WORK TO COMPLETE
When you retype the data, keep every word exactly and include none of the pictures.

[DATA SECTION — start]

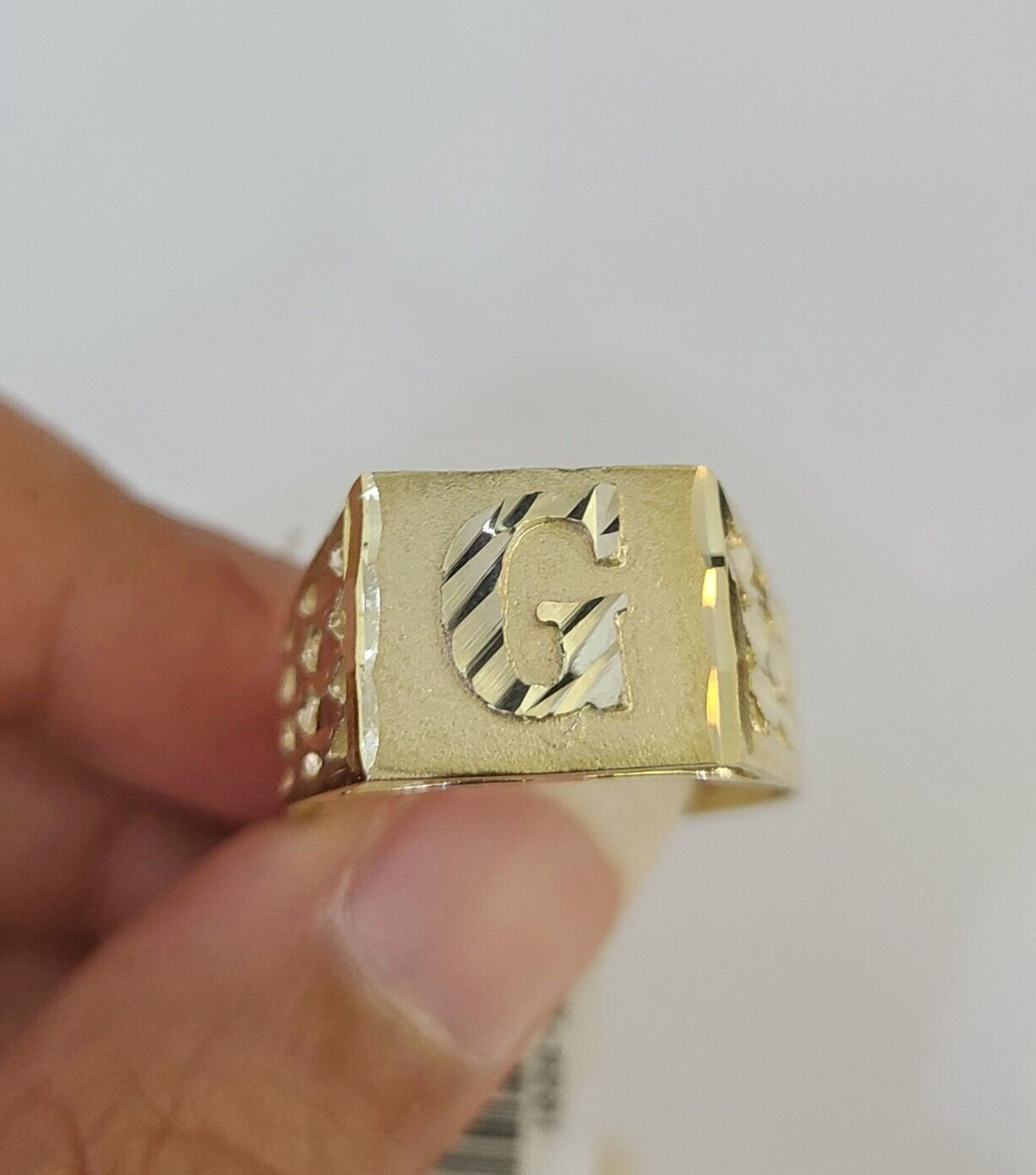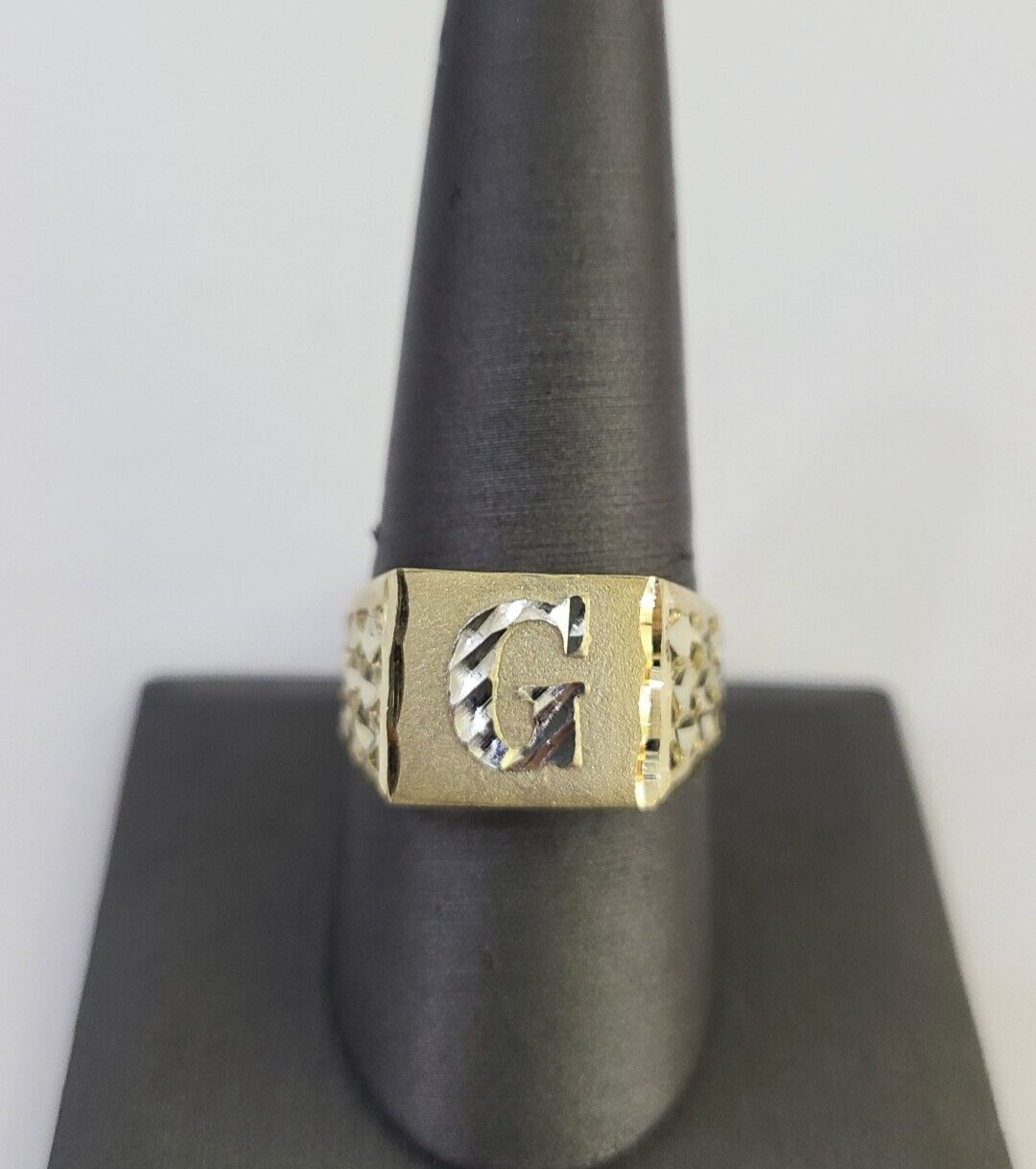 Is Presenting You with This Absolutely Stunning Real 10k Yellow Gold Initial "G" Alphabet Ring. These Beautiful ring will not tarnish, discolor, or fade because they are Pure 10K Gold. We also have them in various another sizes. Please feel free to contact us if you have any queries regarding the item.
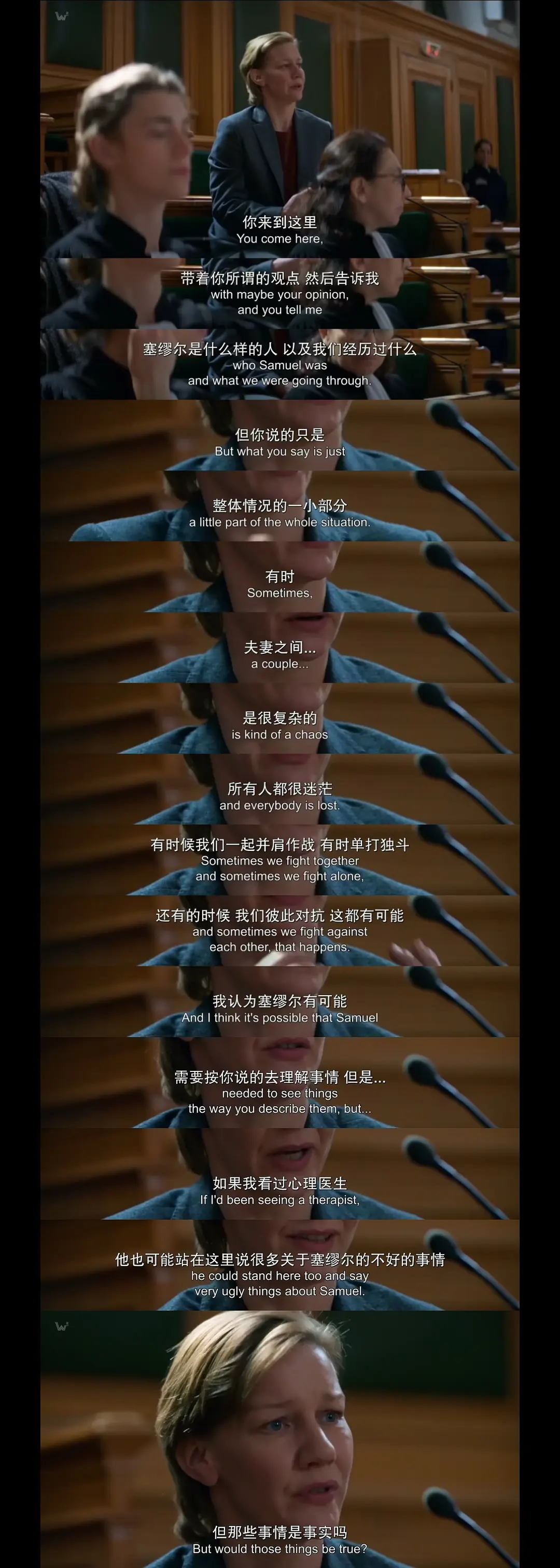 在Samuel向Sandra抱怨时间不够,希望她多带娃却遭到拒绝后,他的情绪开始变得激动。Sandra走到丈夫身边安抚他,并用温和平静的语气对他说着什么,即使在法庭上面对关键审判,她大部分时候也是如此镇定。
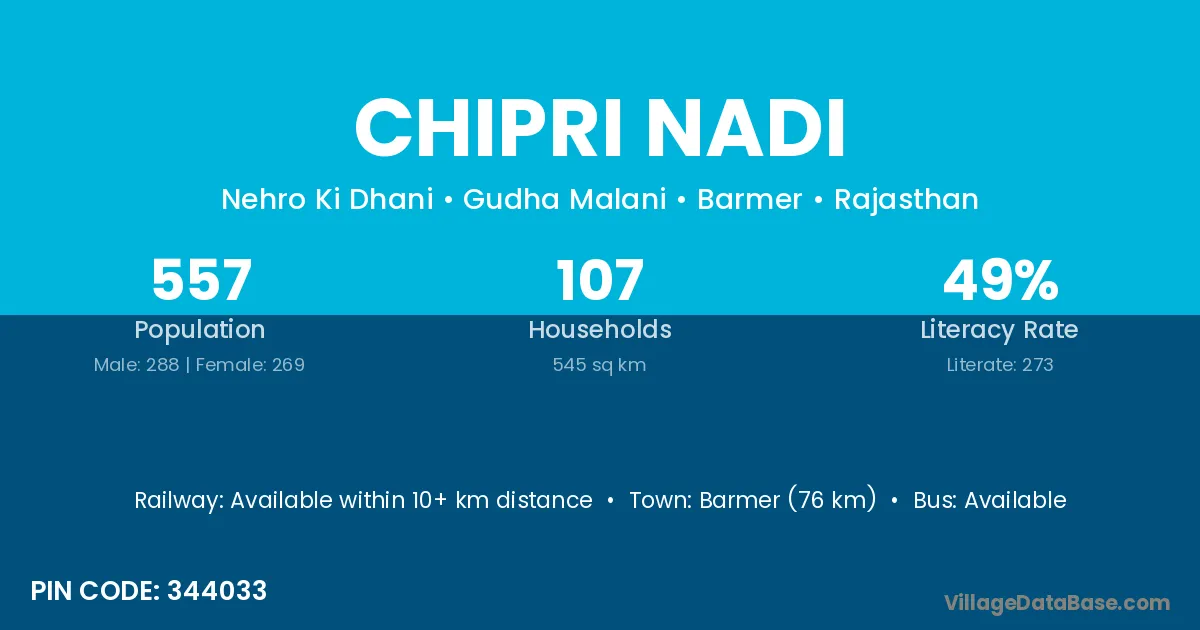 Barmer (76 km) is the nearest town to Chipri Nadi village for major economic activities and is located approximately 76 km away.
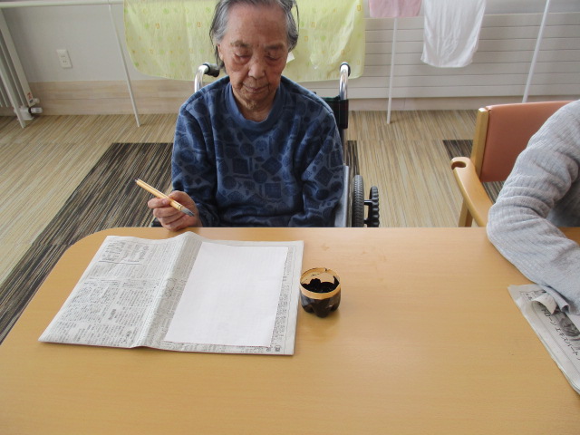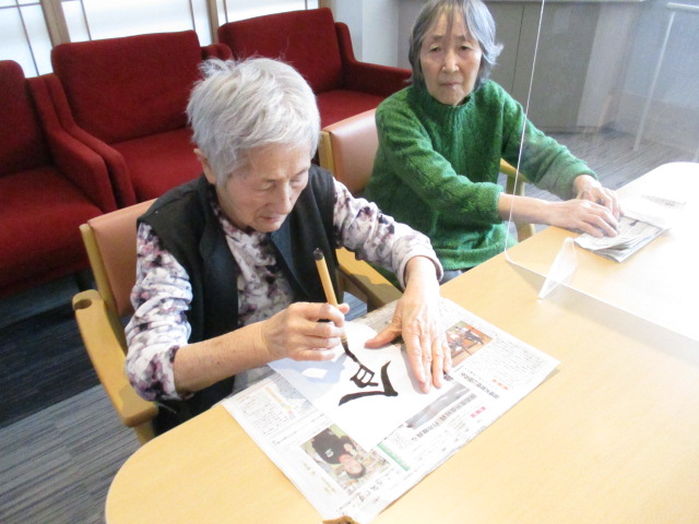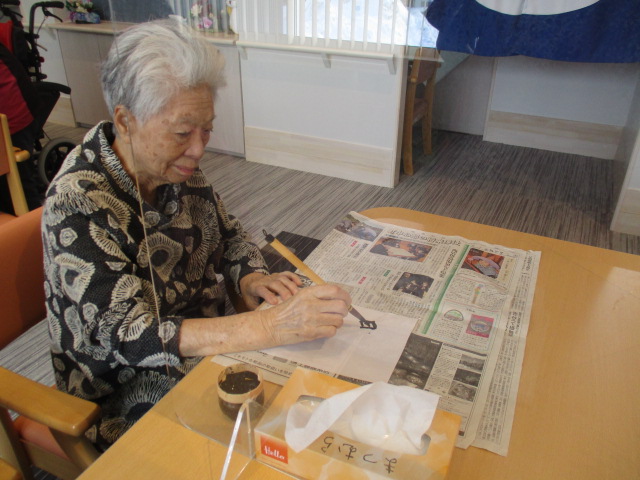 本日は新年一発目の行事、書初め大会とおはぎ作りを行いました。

[DATA SECTION — finish]

ANSWER SPACE
 Is Presenting You with This Absolutely Stunning Real 10k Yellow Gold Initial "G" Alphabet Ring. These Beautiful ring will not tarnish, discolor, or fade because they are Pure 10K Gold. We also have them in various another sizes. Please feel free to contact us if you have any queries regarding the item.
 在Samuel向Sandra抱怨时间不够,希望她多带娃却遭到拒绝后,他的情绪开始变得激动。Sandra走到丈夫身边安抚他,并用温和平静的语气对他说着什么,即使在法庭上面对关键审判,她大部分时候也是如此镇定。
 Barmer (76 km) is the nearest town to Chipri Nadi village for major economic activities and is located approximately 76 km away.
 本日は新年一発目の行事、書初め大会とおはぎ作りを行いました。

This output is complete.